逃れられない血塗られた運命に、エレンは静かな苛立ちを覚えた。
「……まあ、丁度いい」
パンダがポンと手を叩いて、強引に話を進めた。
「伏黒、釘崎、そしてエレン。お前ら三人、『京都姉妹校交流会』に出てくれ」
「交流会……?」
釘崎が聞き返す。
「本来なら二、三年のメインイベントなんだけどな」
真希が腕を組みながら説明を引き継ぐ。
「三年のボンクラが今、停学をくらってて人数が足りねえんだ。だから、お前ら一年に出てもらう」
「京都の呪術高専との、一種の対抗戦だよ」
パンダが補足する。
「ルールは簡単、先に指定された呪霊を祓った方の勝ち、とかそういう感じのやつだ。
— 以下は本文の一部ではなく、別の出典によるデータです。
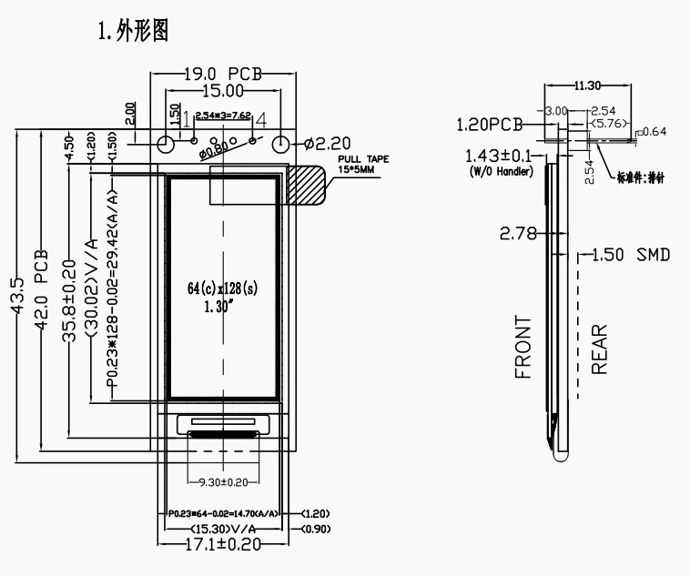 5. Режим подключения/привод IC: COG/SH1107 Интерфейс: IIC

要するに、殺し合い以外の呪術合戦だな」
ここまでパンダが言うと、嫌な笑みを浮かべて、補足する。
「つってもそれは建前で、初日が団体戦、二日目が個人戦って決まっている」
「個人戦団体戦って……戦うの!?呪術師同士で!?」
釘崎は想定外の情報に、驚愕する。
真希がニヤリと笑う。
「ああ、殺す以外なら何をしてもいい、『呪術合戦』だ」
釘崎は、「えぇ……」と言わんばかりの表情をする。
「仲間が死んで凹んでる時期かもしれねえが……強くなるしかねえだろ。それに、そこの『特級』エレンの実力も、じっくり見てみたいしな。勿論、出るよな?」
伏黒と釘崎は、一瞬の迷いもなく顔を上げた。
「やります」
「当然でしょ」
彼らの眼には、虎杖の死を乗り越え、強くなろうとする確かな意志が宿っていた。
全員の視線が、エレンに集まる。
エレンは夕焼けに染まる空を見上げ、少しの間、沈黙した。
どこまでいっても、戦いばかりだ。巨人が呪霊に変わり、兵団が高専に変わっただけで、結局自分はまた、血生臭い闘争の螺旋の中へと身を投じようとしている。
本当に嫌になる。
だが、ここで立ち止まることは、エレン・イェーガーの性に合わなかった。
「……やる」
エレンは深く息を吐き、そう答えた。
その瞳の奥には、また新たな戦いへと向かう、暗く冷たい炎が静かに灯っていた。